Voyager 1 Breaking Through the Borders of the Solar System

After almost 35 years traveling at over 35,000 mph, the venerable (and still operational!) Voyager 1 spacecraft is truly breaking through to the other side, crossing the outermost boundaries of our solar system into interstellar space — over 11 billion miles from home.

Data received from Voyager 1 — a trip that currently takes the information 16 hours and 38 minutes to make — reveal steadily increasing levels of cosmic radiation, indicating that the spacecraft is leaving the relatively protected bubble of the Sun’s influence and venturing into the wild and wooly space beyond.

From the JPL press release:

“The laws of physics say that someday Voyager will become the first human-made object to enter interstellar space, but we still do not know exactly when that someday will be,” said Ed Stone, Voyager project scientist at the California Institute of Technology in Pasadena. “The latest data indicate that we are clearly in a new region where things are changing more quickly. It is very exciting. We are approaching the solar system’s frontier.”

The data making the 16-hour-38 minute, 11.1-billion-mile (17.8-billion-kilometer), journey from Voyager 1 to antennas of NASA’s Deep Space Network on Earth detail the number of charged particles measured by the two High Energy telescopes aboard the 34-year-old spacecraft. These energetic particles were generated when stars in our cosmic neighborhood went supernova.

“From January 2009 to January 2012, there had been a gradual increase of about 25 percent in the amount of galactic cosmic rays Voyager was encountering,” said Stone. “More recently, we have seen very rapid escalation in that part of the energy spectrum. Beginning on May 7, the cosmic ray hits have increased five percent in a week and nine percent in a month.”

This marked increase is one of a triad of data sets which need to make significant swings of the needle to indicate a new era in space exploration. The second important measure from the spacecraft’s two telescopes is the intensity of energetic particles generated inside the heliosphere, the bubble of charged particles the sun blows around itself. While there has been a slow decline in the measurements of these energetic particles, they have not dropped off precipitously, which could be expected when Voyager breaks through the solar boundary.

“When the Voyagers launched in 1977, the space age was all of 20 years old.
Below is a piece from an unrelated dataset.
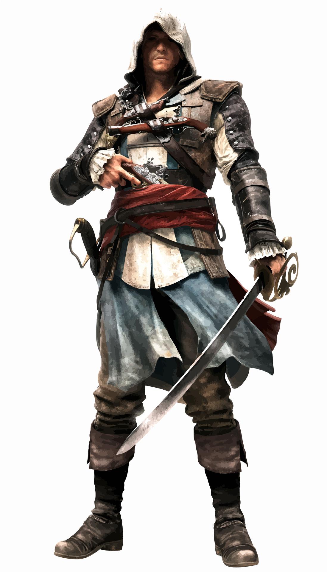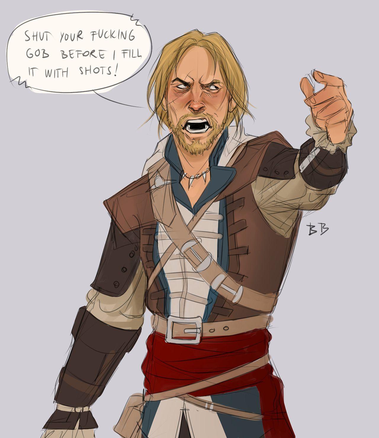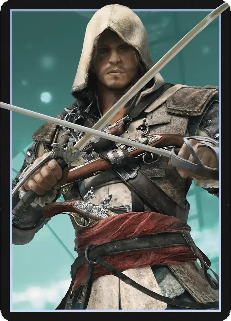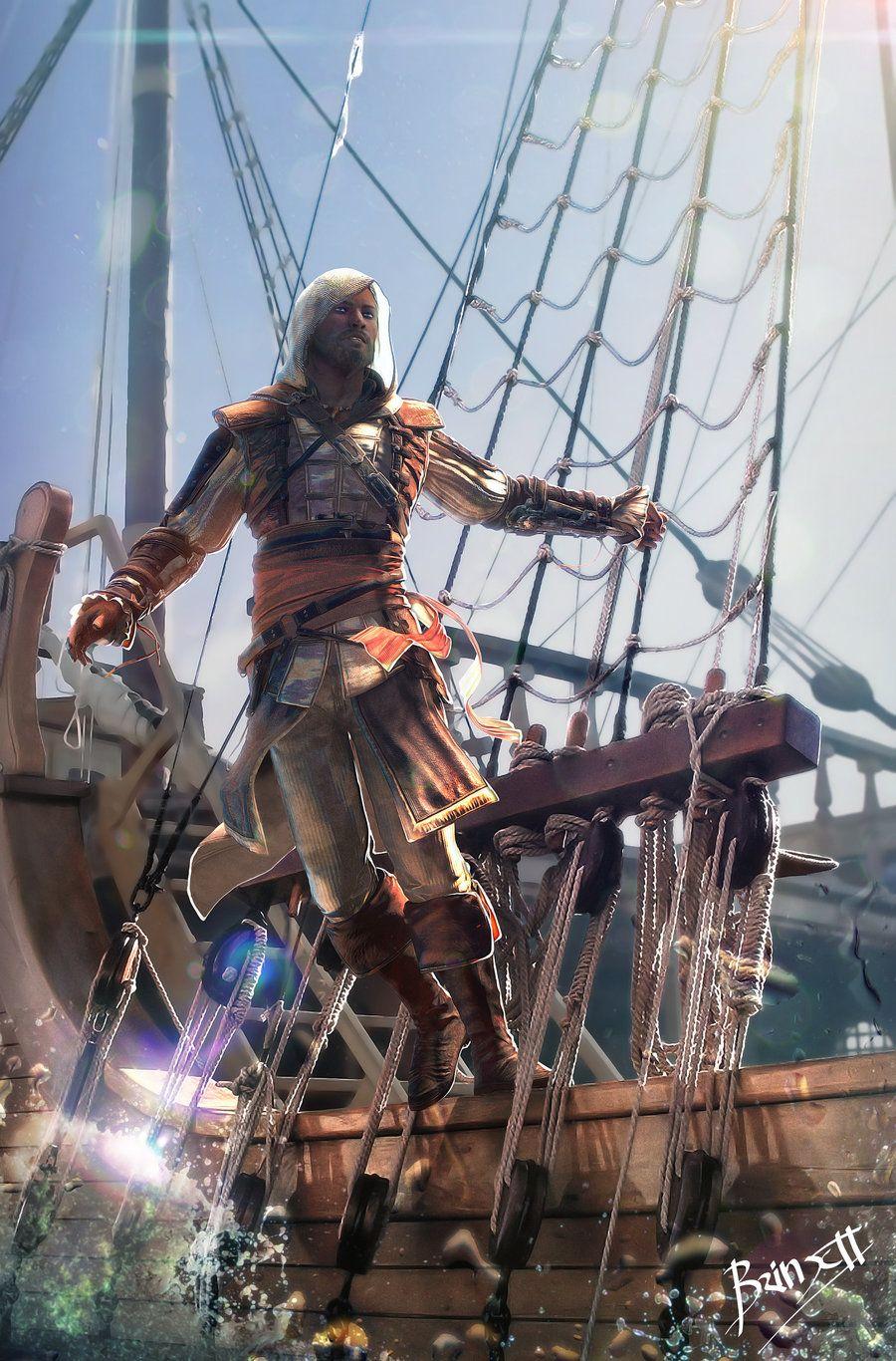 Эдвард Кенвей предстает как классический пират с острым клинком и авантюрным духом. Его треуголка, борода, татуировки - все это создает образ морского волка. В этих иллюстрациях он показан то на палубе корабля, то в таверне. Его улыбка полна задора и уверенности. Художники мастерски передают атмосферу пиратской жизни и океанских просторов. Эдвард становится воплощением свободы и приключений на морских просторах.

Many of us on the team dreamed of reaching interstellar space, but we really had no way of knowing how long a journey it would be — or if these two vehicles that we invested so much time and energy in would operate long enough to reach it.”

– Ed Stone, Voyager project scientist, Caltech

Read more on the JPL site here.

Addition: Check out the accompanying video from Science@NASA below:

Top image: Artist’s concept showing NASA’s two Voyager spacecraft exploring a turbulent region of space known as the heliosheath, the outer shell of the bubble of charged particles around our sun. Credit: NASA/JPL-Caltech. Secondary image: Artist’s concept of NASA’s Voyager spacecraft. Credit: NASA/JPL-Caltech.


26 Replies to “Voyager 1 Breaking Through the Borders of the Solar System”

  1. I have little experience in physics, but I got to thinking…. big trouble, that will lead to the following stupid question. Is Voyager traveling away from our sun in the same direction the sun is traveling in its orbit around the center of the Milky Way? I looked up that the sun’s orbit of travel is at 486,000 MPH and if Voyager was traveling in the same direction at only 35,000 MPH wouldnt we pass it up as it traveled in space? And if we are like inside a ballon that travels around the center of the Milky Way, then would Voyager bounce back inside the balloon when it breached the outer layer?

    1. The number 35.000mph is meant relative to the sun’s motion. So, no, we won’t catch up.

      Secondly, we are inside a “bubble” but not inside something like a balloon. There is no solid wall defining the solar system. The boundary is defined as the distance from the sun, where the solar wind (particles emitted by the sun) are slowed down significantly, because they collide with energetic particles from outside the solar system.

    2. To take Dr Flimmer’s statements one step further, motion is not relative to space. Motion is always relative to other objects. There is nothing in space that is some absolute fixed point, and one can set up the origin of a coordinate system anywhere going at any speed less than the speed of light.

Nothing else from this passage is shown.